Aqueles que defendem a redução da imputabilidade penal para 16, 15, 13 anos…, partem de uma visão equivocada e superficial de que através do endurecimento da legislação penal, diminuindo garantias e cerceando direitos, a criminalidade será contida.
As vozes que clamam pela necessidade da diminuição da maioridade penal, motivadas pelo populismo penal, apostam no direito penal como a panaceia para todos os males da sociedade e fazem crer que através da elevação das penas e do seu, questionável, caráter intimidatório e preventivo (prevenção geral: positiva e negativa) estará à sociedade segura. Nada mais ilusório e enganoso.
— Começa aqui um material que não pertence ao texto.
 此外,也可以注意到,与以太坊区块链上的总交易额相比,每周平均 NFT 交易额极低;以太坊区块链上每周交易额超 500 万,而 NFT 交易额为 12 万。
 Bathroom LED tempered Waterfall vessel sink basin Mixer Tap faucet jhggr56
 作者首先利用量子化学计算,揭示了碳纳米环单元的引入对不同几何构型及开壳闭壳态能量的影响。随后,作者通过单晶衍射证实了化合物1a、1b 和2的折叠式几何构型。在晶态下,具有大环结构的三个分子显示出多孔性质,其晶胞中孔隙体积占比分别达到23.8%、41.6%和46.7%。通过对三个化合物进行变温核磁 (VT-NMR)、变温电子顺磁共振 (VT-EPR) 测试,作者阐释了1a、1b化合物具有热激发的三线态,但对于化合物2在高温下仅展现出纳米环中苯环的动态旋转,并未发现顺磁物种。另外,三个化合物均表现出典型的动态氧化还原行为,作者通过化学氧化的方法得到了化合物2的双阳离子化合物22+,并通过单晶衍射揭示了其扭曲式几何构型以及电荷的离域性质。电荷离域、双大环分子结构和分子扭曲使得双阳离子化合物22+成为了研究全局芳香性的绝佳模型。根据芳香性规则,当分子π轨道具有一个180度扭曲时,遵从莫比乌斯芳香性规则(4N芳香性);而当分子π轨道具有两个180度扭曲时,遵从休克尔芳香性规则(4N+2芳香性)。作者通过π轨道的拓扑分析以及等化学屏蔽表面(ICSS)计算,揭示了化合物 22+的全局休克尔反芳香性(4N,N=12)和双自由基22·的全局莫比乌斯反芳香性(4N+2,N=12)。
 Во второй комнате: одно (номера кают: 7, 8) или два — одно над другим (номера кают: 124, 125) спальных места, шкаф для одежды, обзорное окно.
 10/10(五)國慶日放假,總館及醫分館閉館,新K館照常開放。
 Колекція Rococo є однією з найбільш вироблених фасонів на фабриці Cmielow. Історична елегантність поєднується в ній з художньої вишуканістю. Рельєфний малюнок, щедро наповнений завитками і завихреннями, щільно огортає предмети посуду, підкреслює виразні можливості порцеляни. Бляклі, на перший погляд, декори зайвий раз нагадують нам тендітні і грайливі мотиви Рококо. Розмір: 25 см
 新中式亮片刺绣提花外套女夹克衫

A cultura punitiva embalada pelo populismo penal, espécie de mantra de inúmeros políticos – tanto do executivo como do legislativo – que se utilizam do discurso oco da impunidade e da propagação do medo, se traduz no uso abusivo e sistemático da pena privativa de liberdade que tem levado ao encarceramento em massa, notadamente, dos mais vulneráveis (jovens negros, pobres, de baixa escolaridade e residentes das periferias e das favelas).
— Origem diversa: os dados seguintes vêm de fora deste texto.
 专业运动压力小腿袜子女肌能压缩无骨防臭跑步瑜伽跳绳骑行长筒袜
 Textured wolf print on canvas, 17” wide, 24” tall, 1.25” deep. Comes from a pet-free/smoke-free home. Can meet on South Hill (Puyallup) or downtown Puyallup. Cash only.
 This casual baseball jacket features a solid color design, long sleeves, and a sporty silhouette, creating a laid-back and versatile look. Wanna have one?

Ao recorrerem aos discursos sensacionalistas que, certamente, atendem ao clamor popular, os políticos buscam medidas populistas e soluções, como já foi dito, aparentemente fáceis para o complexo problema da violência e da criminalidade. Medidas de caráter penal e processual penal que recrudescem o punitivismo penal, tais como: criação de novos tipos penais; aumento das penas de prisão; redução da imputabilidade (maioridade) penal; criminalização do uso e do porte de drogas; redução dos direitos do preso; mitigação de direitos e garantias do acusado; prisão antes do trânsito em julgado de sentença condenatória; aumento das possibilidades de decretação da prisão preventiva entre outras.
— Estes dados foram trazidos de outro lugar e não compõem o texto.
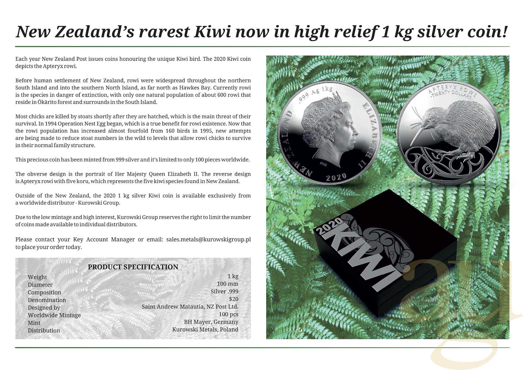 Produktinformationen "1 Kilogramm Silbermünze Neuseeland Kiwi 2020 - polierte Platte"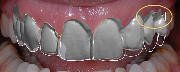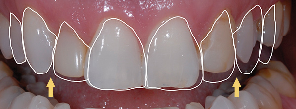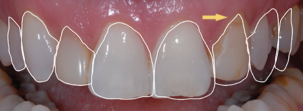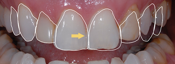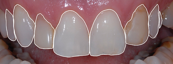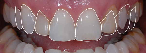 The first step in the smile design process is to take a full-face photograph with the patient looking straight into the camera lens with a full, natural smile. Landmarks on the photograph are then correlated with landmarks on the digital design, and the midline and canting are evaluated. Outlining the preoperative tooth forms using smile design software allows the ceramist and dentist to visualize any dissimilarities, or inconsistencies, from the patient's right to left (Figure 8). This step is critical for any case with a significant space and size discrepancy so the existing tooth forms and inconsistencies can be identified.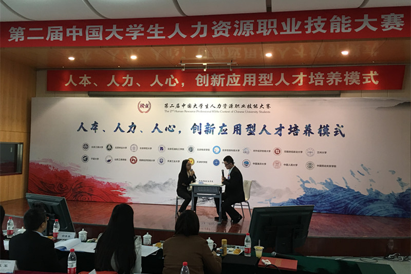 11月26日,以“人本、人力、人心,创新应用型人才培养模式”为主题的第二届中国大学生人力资源技能大赛在中国劳动关系威尼斯人娱乐场 胜利召开。有来自全国各地共十八所高等院校的人力资源专业大学生参加了本次大赛。环球网、央广网、人民网、新华网等对本次大赛进行全程网络直播。我院学子在何辉老师、王长斌老师、武晓宇老师的组织与指导下,参加了本次大赛全部四项比赛环节以及一站到底答题、英文演讲等团队加分环节。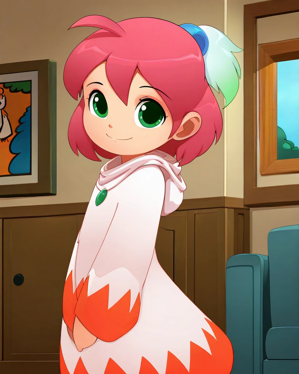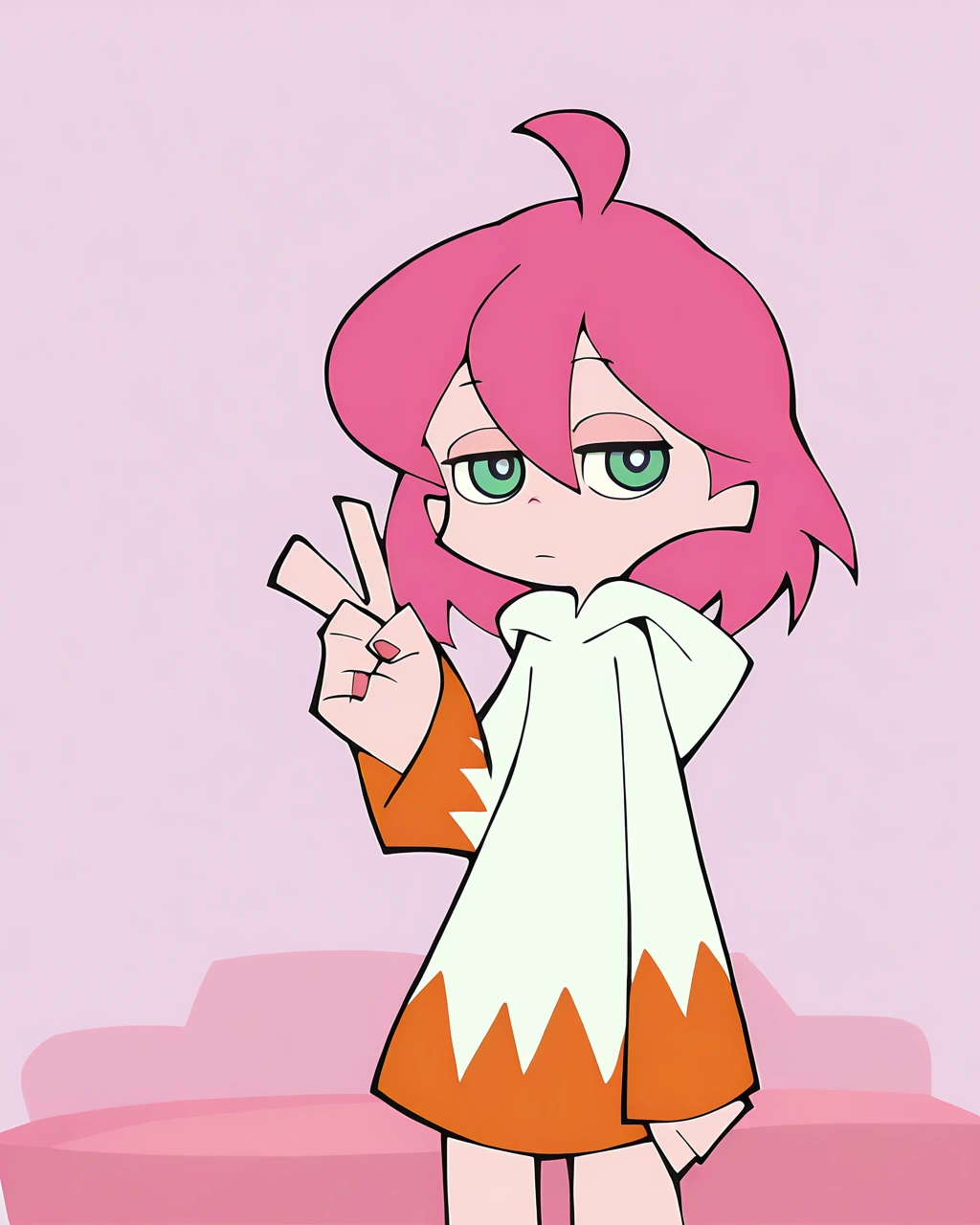 Use green eyes, short hair, pink hair, ahoge, hair ornament to form her apperance.

Com a precisão de sempre, Juarez Cirino dos Santos (2014) acentua que “a legitimação do Direito Penal pela criação de símbolos no imaginário popular é simbólica, porque a penalização das situações problemáticas não significa solução social do problema, mas solução penal para satisfação retórica da opinião pública”.
Observa-se, ainda, que quase sempre quando se fala em violência em relação ao menor o mesmo é tomado como infrator, marginal, delinquente e, logo, como aquele que deve ser punido. Esquece-se, entretanto, que mais do que infratores esses menores são as principais vítimas da violência, com destaques para agressões por arma de fogo e homicídios. Segundo pesquisa realizada pela Fiocruz — com as bases de dados do Sistema Único de Saúde (SUS) e do IBGE —, jovens no final da adolescência (15 a 19 anos) sofrem mais violência no geral, especialmente física, além de serem mais vítimas em situações de conflitos.
A sociedade não pode, definitivamente, vendar os olhos, como faz em relação aos menores infratores, para esta realidade. Não há como negar, gostem ou não, que o crime é um problema social. Assim é mister buscar cada vez mais alternativas ao direito penal e, definitivamente, não é encarcerando jovens que se resolverá o problema da violência e da criminalidade.
CIRINO DOS SANTOS, Juarez. Direito penal: parte geral. 6ª ed. Curitiba, PR; ICPC, 2014.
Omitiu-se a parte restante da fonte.